# Successful Android TV box + touchscreen Lemur/TouchOSC setups?



## amundsen (May 9, 2018)

Hello,

I've read all the threads on the forum about Android TV boxes connected to touchscreens to run Lemur or TouchOSC.

I would like to know which box models can run such a configuration successfully (especially models available in Europe).

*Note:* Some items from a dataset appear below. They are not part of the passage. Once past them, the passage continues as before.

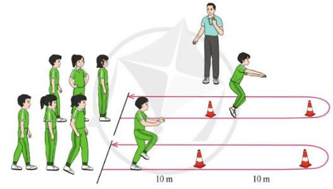 + Kẻ một đường thẳng làm vạch xuất phát, đồng thời làm vạch đích. Đặt các cọc nấm cách vạch xuất phát và cách nhau 10m.
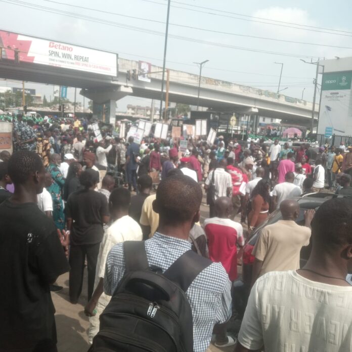 The June 12 protest called by the #EndBadGovernance Movement to express disapproval over government policies which they said have brought suffering and hunger, is currently holding at the Ikeja Under Bridge.
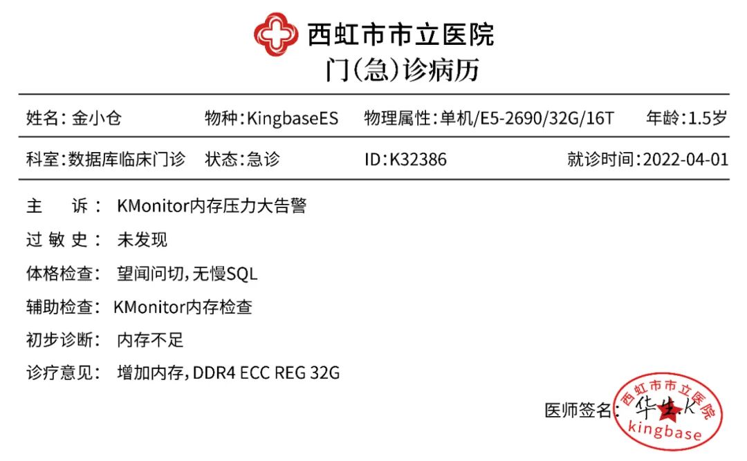 “一般是查询量突然增多导致的内存压力突增,先增加物理内存试试吧。” 华生·K医生给金小仓插入了一根新的内存条。看着内存监测图中慢慢降下来的压力值,他轻轻地拍了拍金小仓安慰道:“别怕,只是查询量突增而已,加根内存条不就好了嘛。”随后,金小仓接过病历单长舒一口气,心想还好身体内置了KMonitor芯片,可以与医院实时联动,及时发现处理问题。硬核复诊—高效处理故障

Also, do you connect your box to your computer over Ethernet (or over USB with a tethering app maybe?) or do you connect over wi-fi?


----------



## Havoc911 (May 9, 2018)

I used to be a lemur user and have tried a number of different templates. After having seen setups like you describe (Hans Zimmer and Junkie XL), I looked into implementing a similar setup. However after doing some research, it seemed more practical to use the touch screen as my primary screen. I looked into the Slate Raven and even purchased one. However, it arrived with a screen defect and I was never able to get the software to sync correctly. Windows did recognize the touchscreen and I took the opportunity to try out Dtouch from Devil Technologies. With Cubase, versions higher than 8.5 (I think) do not utilize an overlay to control the mixer. Rather, you are provided with a floating mixer which allows multitouch control and you can configure the layout of the windows to suit your workflow. Dtouch's macro tool seems much more flexible than the one with the Raven as well. I've found using this setup to be far superior to using lemur on a separate device.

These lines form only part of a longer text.